Remember in the photo above the ugly diagonal bevel drive bearing? These are the finished product below. Notice they have red, plastic 'jewel' end caps. These caps hide from the front view the fact that there are tiny roller bearings used in these parts. The bearing to the far left shows the rear side, which has a red plastic ring to hide the inner surface of the roller bearing. In no way will anyone be able to see evidence of roller bearings front to back anywhere in the mechanism. Next is a view of the undercarriage showing a specialized bolt which will secure the lower end of the center sub plates to the main frame base. There were two issues here requiring a special bolt. First there was very little clearance between the head of the bolt and the opposite end of the frame precluding the use of a conventional screwdriver and thus a standard slotted screw head. To get around this B drills two hole at 90 degrees to each other. In this way a sturdy pin can be inserted to properly torque it down; known as a Tommy pin. Of course one could have also used a modern hex-head bolt design for this but we did not want to use this design in this project. Also a hex-head requires a wrench which risks coming into contact with and scratching the surrounding plate. The second issue is the need for this plate to be positioned straight down. Therefore, a locating shoulder on the round cylinder cannot be used. So the bolt itself has a slightly tapered shoulder that will properly align the plate to the hold as the bolt is tightened up. The ugly cylinder will later be decoratively machined.

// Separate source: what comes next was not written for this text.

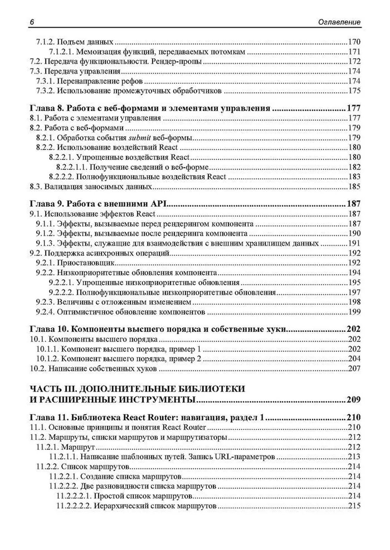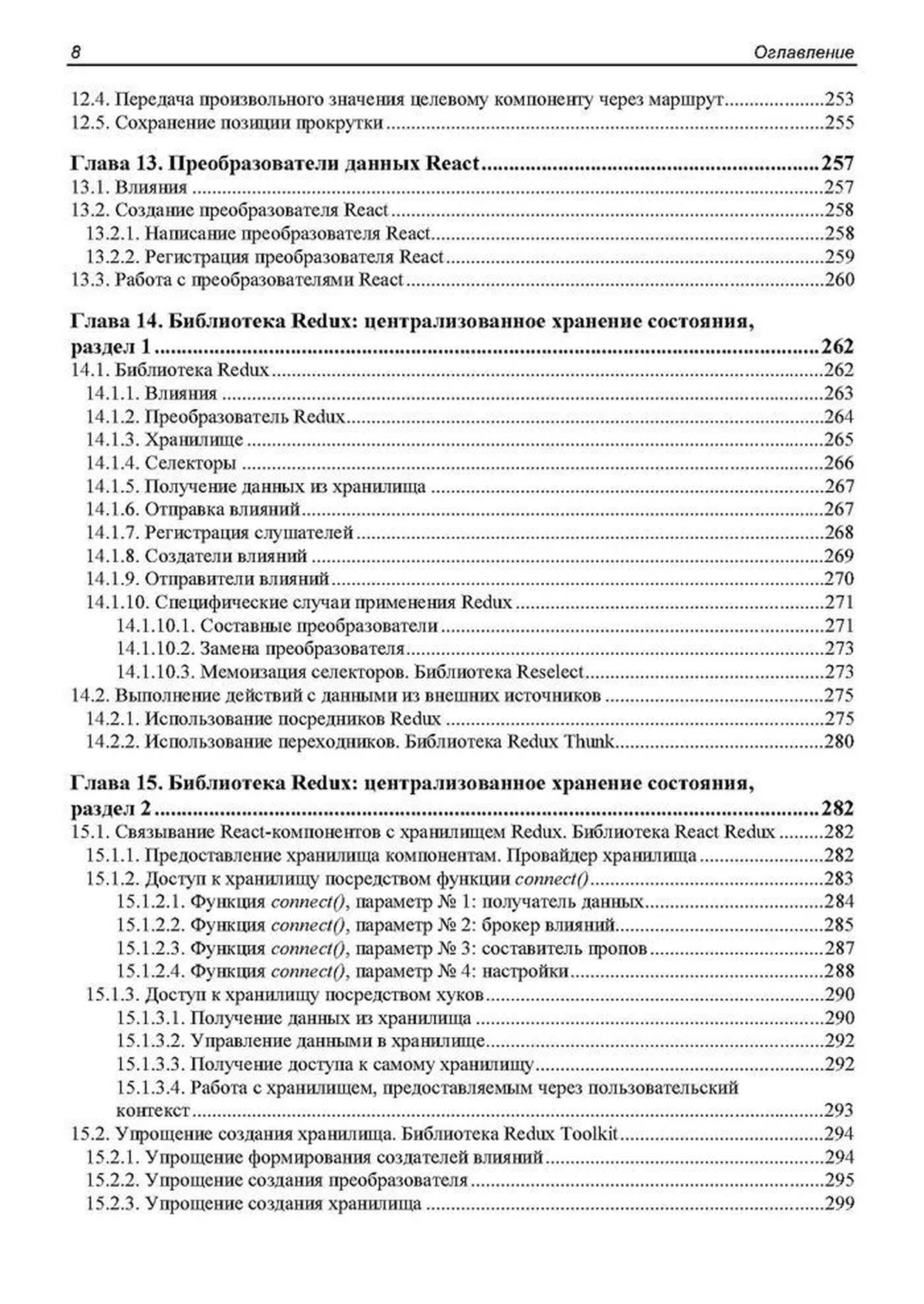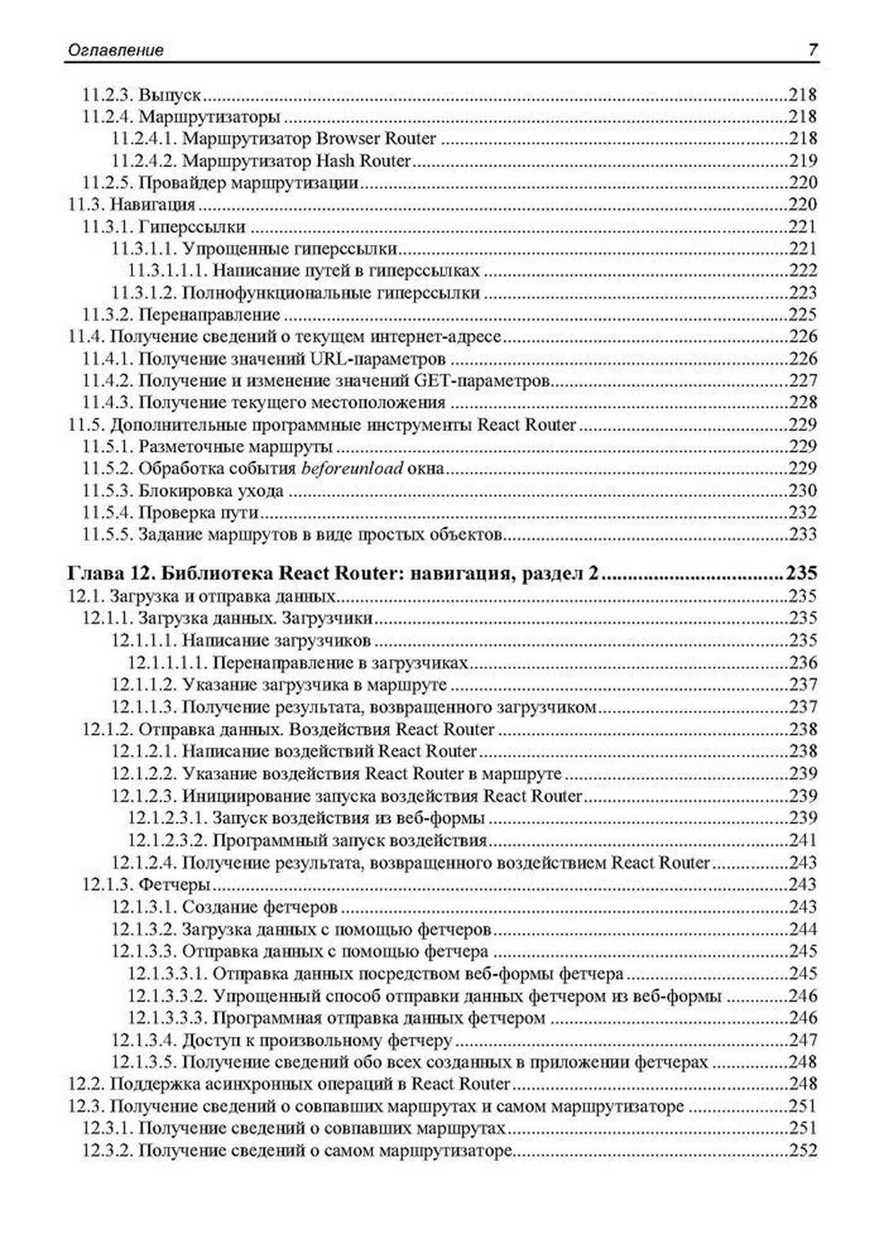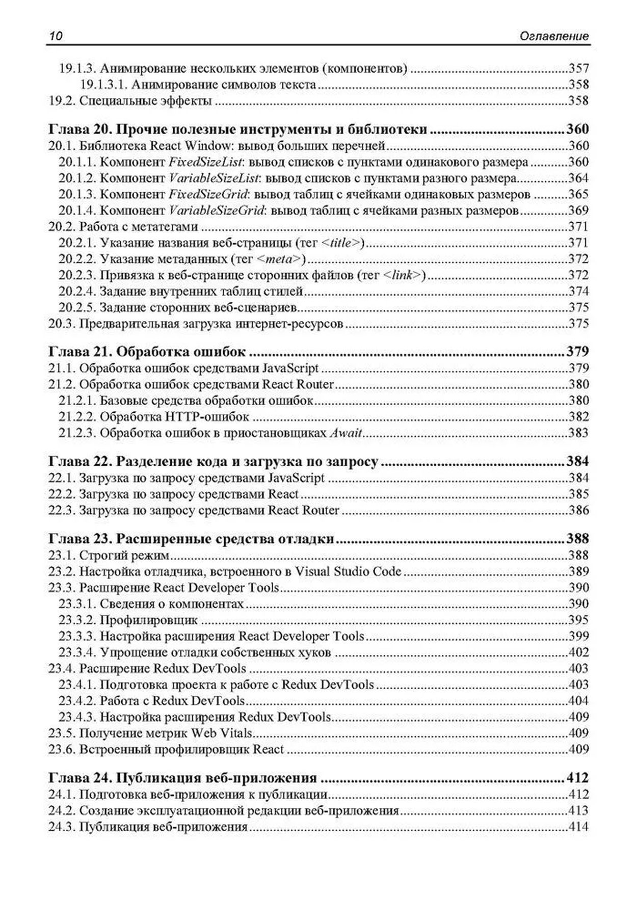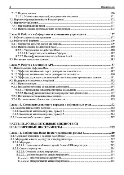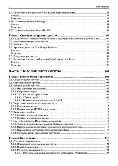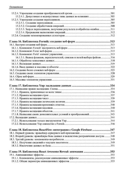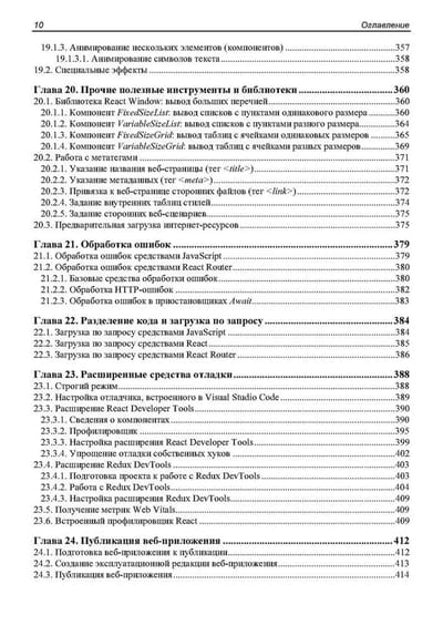 The book is devoted to programming web applications in JavaScript using the popular web framework React. It provides an introductory course that clearly describes step-by-step the development of a simple web application - a list of planned tasks. It describes basic tools: creating and configuring a React project, writing components, the JSX language, passing data between components and creating web forms. It covers useful additional libraries: React Router (navigation), Redux, React Redux and Redux Toolkit (centralized data storage), Formik (rapid development of web forms), Yup (validation), React Reveal (animation effects), etc. It talks about code splitting, error handling, debugging tools, publishing a finished web application and server-side rendering.
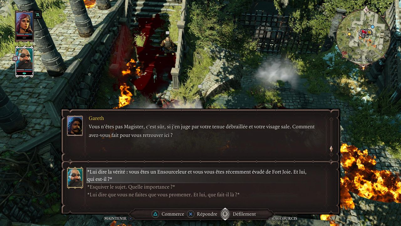 A la fin, Gareth vous remercie (+3000 XP) et vous dit de le retrouver au Sanctuaire d'Amadia. Avancez un peu pour débloquer le point de passage Marais Exsangues - Château en ruine. Vous obtenez +3000 XP pour avoir terminé la quête « Plus rien à perdre ». Retournez au Sanctuaire d'Amadia parler à Gareth, mais vous pouvez également parler à Leya qui se fera une joie de retirer vos colliers (vous pouvez aussi revenir avec les personnages restants dans votre équipe). Note : À l'intérieur de l'armurerie, vous trouverez ici une fontaine de Source, qui vous procure dès maintenant un approvisionnement infini en Source. Il vous suffit de revenir à chaque fois que votre personnage doit se recharger. Consultez la quête « L'armurerie » pour plus de détails.

Here the two center sub plates are shown with their thirteen chatons in position. Next the preliminary positioning of a few of the Robin remontoire parts which will mediate the celestial train. To the far right and off the photo is the tail of the plate through which the Tommy bolt is inserted as described in the prior paragraph.

Here are some photos of the movement to date. We have reached a milestone where I believe we have pretty much reached  the halfway point on this project (excluding the case and stand). I started this with initial design work in late 2003. The fabricator came on board with his design and mockup construction models beginning in January 2006 and then the actual cutting of metal in July 2007. I expect completion in the next two and one-half to three years making this a decade long effort.

Nearly all of the wheels between the main plates are done for a total of about 100 wheels out of an anticipated 300+ plus total. More than a third of the remaining wheels are contained within the grand orrery with the balance connected to the twenty or so complications. Next month begins the skeletonizing of the upper plates. The movement will begin to look dramatically better. The last photo give a better impression of the over all size of the machine. When looking at the individual parts and assemblies it's easy to think that this clock is much larger than it actually is.